Total South Africa
- TotalEnergies logo
- Formerly: Total Oil Products (Pty) Ltd
- Type: Private
- Industry: Oil and Gas
- Founded: December 11, 1954; 71 years ago in Pretoria, South Africa
- Headquarters: Johannesburg, South Africa
- Number of locations: 547 (2025)
- Area served: South Africa
- Key people: Sonja de Bruyn (Chairperson); Olagoke Aluko (CEO);
- Products: Fuels Lubricants Bitumen Agrochemicals Aviation fuel Marine fuel
- Parent: TotalEnergies
- Website: www.totalenergies.co.za

= Total South Africa =

South African subsidiary of the French energy company TotalEnergies

TotalEnergies Marketing South Africa (Pty) Ltd (commonly simply referred to in South Africa as Total) is an energy and chemical company operating across South Africa's fuel, lubricants, and renewable energy markets. Headquartered in Johannesburg, it is the South African affiliate of the French multinational TotalEnergies SE, one of the world's largest integrated energy companies.
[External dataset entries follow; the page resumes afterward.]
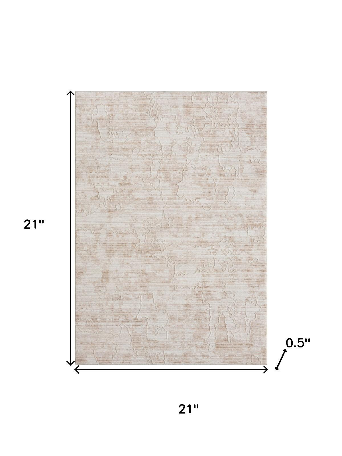 Add some artistry to your room with this 2-foot x 2-foot beige and ivory abstract square rug. Rugs are a great way to showcase your style, hide imperfections, warm your home and reduce noise. This smaller sized, modern styled rug is just what you need for your walkway, bedside, in front of door, cabinet, refrigerator, or chair. 21.00-inch h x 21.00-inch w x 0.50-inch d.
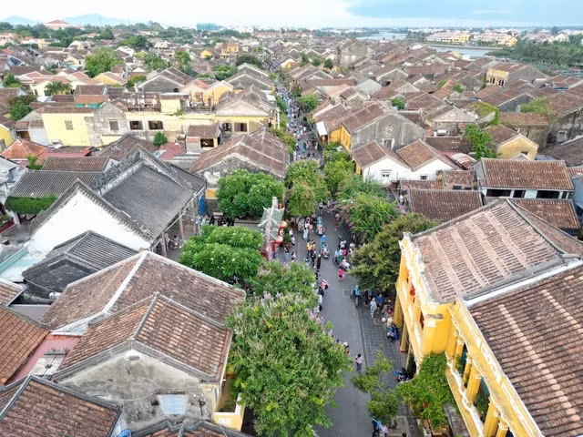Ánh nắng vàng dịu nhẹ buông xuống phố cổ, chiếu rọi lên những ngôi nhà cổ kính mái ngói đỏ tươi. Hàng ngàn chiếc đèn lồng đủ màu sắc được treo dọc theo con đường, tạo nên một không gian lung linh, huyền ảo. Giữa khung cảnh cổ kính ấy, du khách thập phương lại càng nổi bật với những bộ áo dài truyền thống, những bộ cánh sặc sỡ.
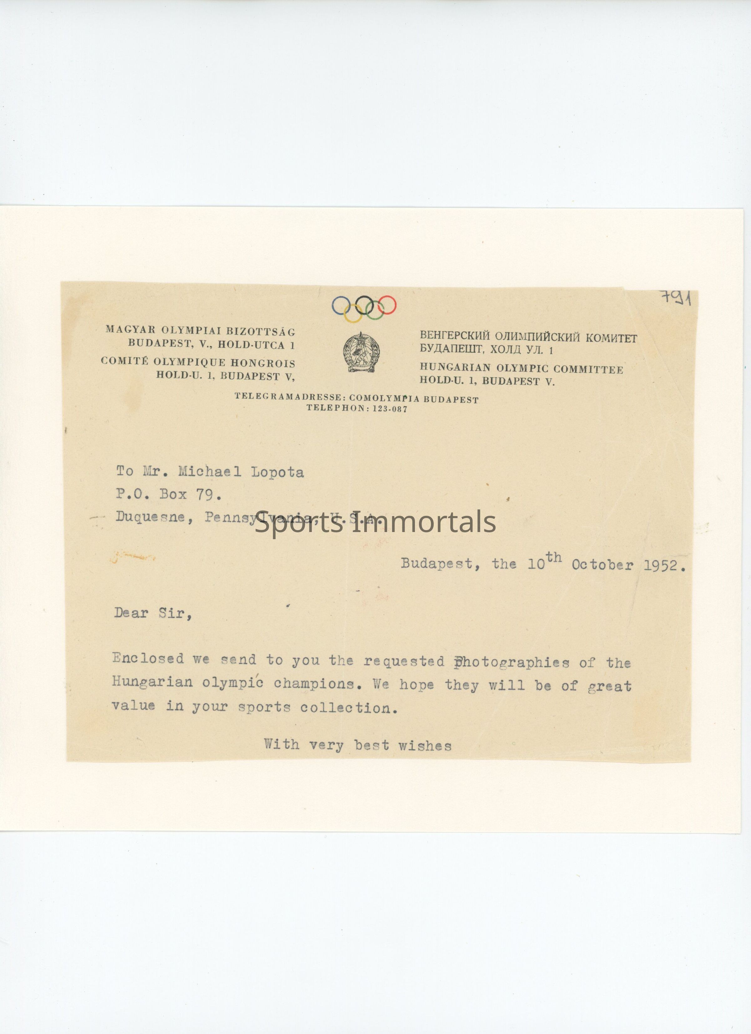 Letter to Lopota from Hungarian Olympic Office in 1952

The company manages a network of over 540 petrol stations nationwide, supplies fuel and aviation products to commercial sectors, and holds a 36.4% stake in the Natref refinery.

In addition to petroleum operations, it is actively expanding into solar and wind energy projects, and plays a growing role in South Africa's transition toward low-carbon power solutions. In December 2023, the company commenced construction of a 140 MW wind farm and a 120 MW solar plant in the Northern Cape province, with operations expected to begin by the end of 2026.

==History==
TotalEnergies made its South African debut on 11 December 1954, when Total Oil Products (Pty) Ltd was registered in Pretoria, hosting its inaugural board meeting three days later. By 1955, the company had already set up its first fuel terminals and service stations across Johannesburg, Pretoria, Durban, Roodepoort, and Benoni.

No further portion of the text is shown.